* [WHAT TO PRODUCE]: An exact copy is required of every line from the one with "普段アメフトを見る機会はなかなかない子供達は釘付けです。" through the end of the data below, and the pictures must stay out of it.

* [DATASET EXTRACT]:

━━━━━━━━

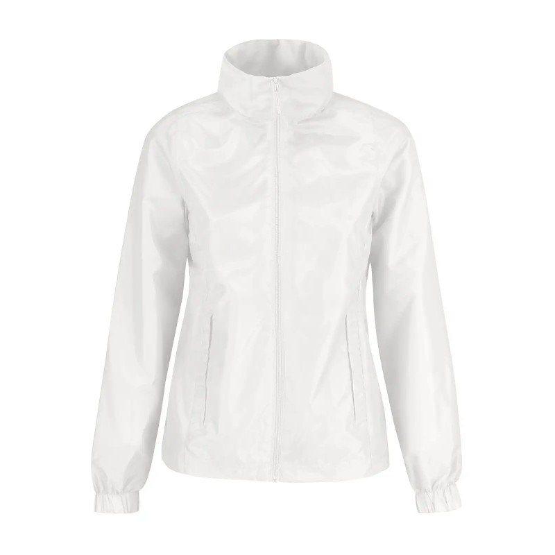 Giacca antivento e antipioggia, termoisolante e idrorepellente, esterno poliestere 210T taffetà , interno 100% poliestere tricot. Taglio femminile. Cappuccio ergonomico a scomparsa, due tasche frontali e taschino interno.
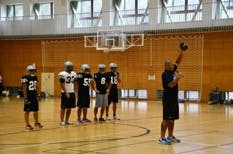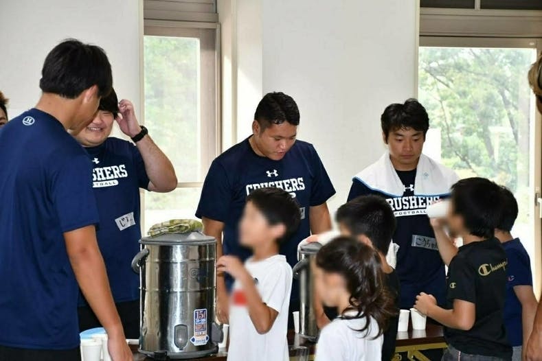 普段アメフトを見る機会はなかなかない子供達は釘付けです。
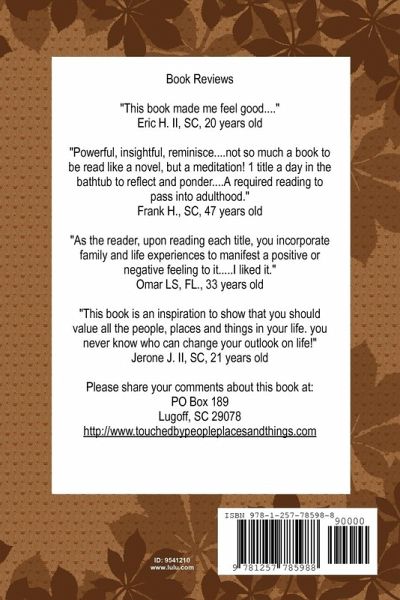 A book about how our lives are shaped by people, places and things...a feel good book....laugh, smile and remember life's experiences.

━━━━━━━━

* [RESPONSE BOX]:
 普段アメフトを見る機会はなかなかない子供達は釘付けです。
 A book about how our lives are shaped by people, places and things...a feel good book....laugh, smile and remember life's experiences.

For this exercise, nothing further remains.